ETSI TS 103 645 is a new standard for cybersecurity in the Internet of Things, released by the ETSI Technical Committee on Cybersecurity (TC CYBER). The aim; to make a security baseline for internet-connected consumer products and provide a basis for IoT certification schemes.
As organisers point out, as more devices in the home connect to the internet, the cyber security of the Internet of Things (IoT) is becoming a concern. People entrust their personal data to online devices and services. Products and appliances that have traditionally been offline are now becoming connected and need to be designed to withstand cyber threats. Poorly secured products threaten consumer privacy and some devices are exploited to launch large-scale DDoS (Distributed Denial of Service) cyber attacks.
Hence, TS 103 645. It specifies high-level provisions for the security of internet-connected consumer devices and their associated services.

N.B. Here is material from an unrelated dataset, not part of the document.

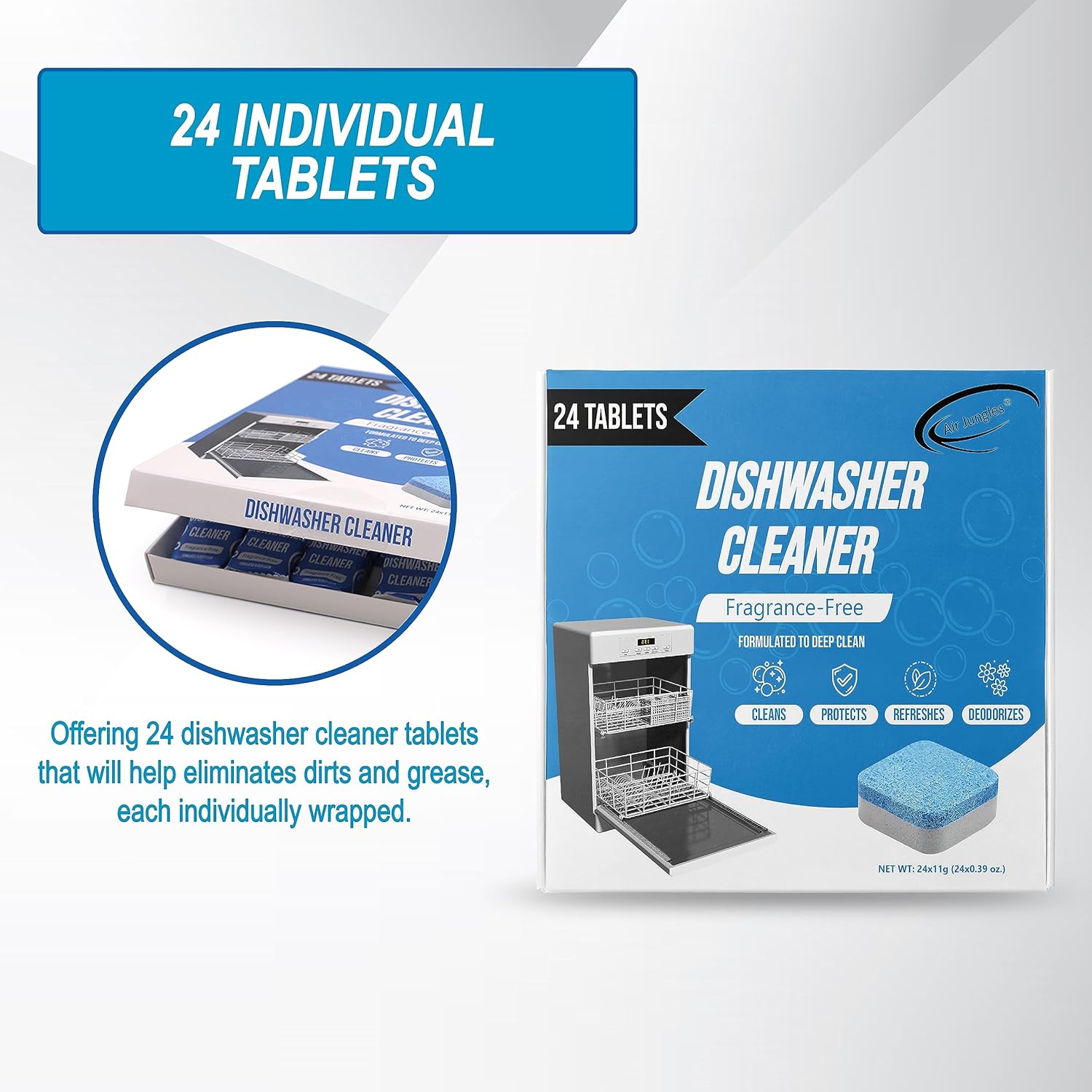Air Jungles Dishwasher Cleaner Tablets 24 Count, Fragrance Free, Deep Cleaning Descaler Pods, Clean Dishwasher Machine, Remove Limescale, Hard Water, Calcium, Odor, 12 Month Supply

IoT products in scope include connected children’s toys and baby monitors, connected safety-relevant products such as smoke detectors and door locks, smart cameras, TVs and speakers, wearable health trackers, connected home automation and alarm systems, connected appliances (such as washing machines, fridges) or smart home assistants.
Stephen Russell, Secretary-General of ANEC, the organisation representing consumers in standardisation, and an ETSI member says: “The potential benefits of the IoT will be achieved only if products and services are designed with trust, privacy and security built in, so consumers feel they are secure and safe to use. We are pleased to have contributed to a standard which focuses on the technical and organisational controls that matter most in addressing significant and widespread security-shortcomings. It should be a landmark specification for consumers and industry alike.”
TS 103 645 requires implementers to forgo use of universal default passwords, which have been behind many security issues. It also requires a vulnerability disclosure policy to allow security researchers and others to report security issues.
Luis Jorge Romero, ETSI’s Director General says: “Stakeholders at all levels have worked together to make sure the specification was outcome-focused, rather than prescriptive, giving organizations the flexibility to innovate and implement security solutions appropriate for their products. We’re really proud to release a standard that was highly needed for consumers and society at large.”
ETSI adds that as many IoT devices and services process and store personal data, this specification can help ensure that these are compliant with the General Data Protection Regulation (GDPR). Separately, TC CYBER recently released TS 103 457 for cyber storage; the standardising of an interface between a “secure vault” that is trusted and a cloud that could be anywhere, where such sensitive data is stored in the vault. This allows a sensitive function to exist in lower security, with data held securely.
Comments
Gary Cox, Technology Director, Western Europe at Infoblox said: “We’ve been saying for some time that we need a British Kitemark equivalent for security in Internet of Things (IoT) so we’re delighted that the ETSI has introduced this new global framework that puts security at the heart of the matter. With the IoT growing in popularity and more consumer devices connecting to enterprise networks by the day, the security situation has become increasingly important, giving rise to the phenomenon of shadow IoT.
“in 2018 we revealed that in a bid to manage the threats posed by shadow IoT, that is to say consumer grade IoT operating unofficially on the corporate network, more than four out of five organisations have introduced a security policy for connected devices. However, a fifth of UK employees rarely follow policies, whilst a quarter aren’t even aware that their firm has a security policy. We can only hope that the new framework will not only educate, but also bring advancements in security policies, lowering the threats introduced by shadow devices.”
Ollie Whitehouse, global CTO at cyber security company NCC Group called it ‘incredibly encouraging’ to see the UK’s leadership ambition in securing IoT devices globally come to fruition. He said publication was testament to the international consensus on what needs to be done to ensure consumers can feel their internet-connected devices are safe and secure to use.
“We have long held the view that some market failures can only be addressed through the right regulatory frameworks and incentives. It is welcome that ETSI’s standard reflects how the adoption of its principles can help organisations achieve compliance with global regulatory regimes, from GDPR and cyber security certification in Europe to the IoT Cyber Security Improvement Act in the US.
“As global standardisation moves ahead, manufacturers in every country need to understand that an international supply chain is no longer an excuse to ignore good security practice. Manufacturers around the world should take the right steps now to build an appropriate level of security into their products.”
Separately, NCC Group and the University of Surrey have set up a partnership to advance security research within the space industry.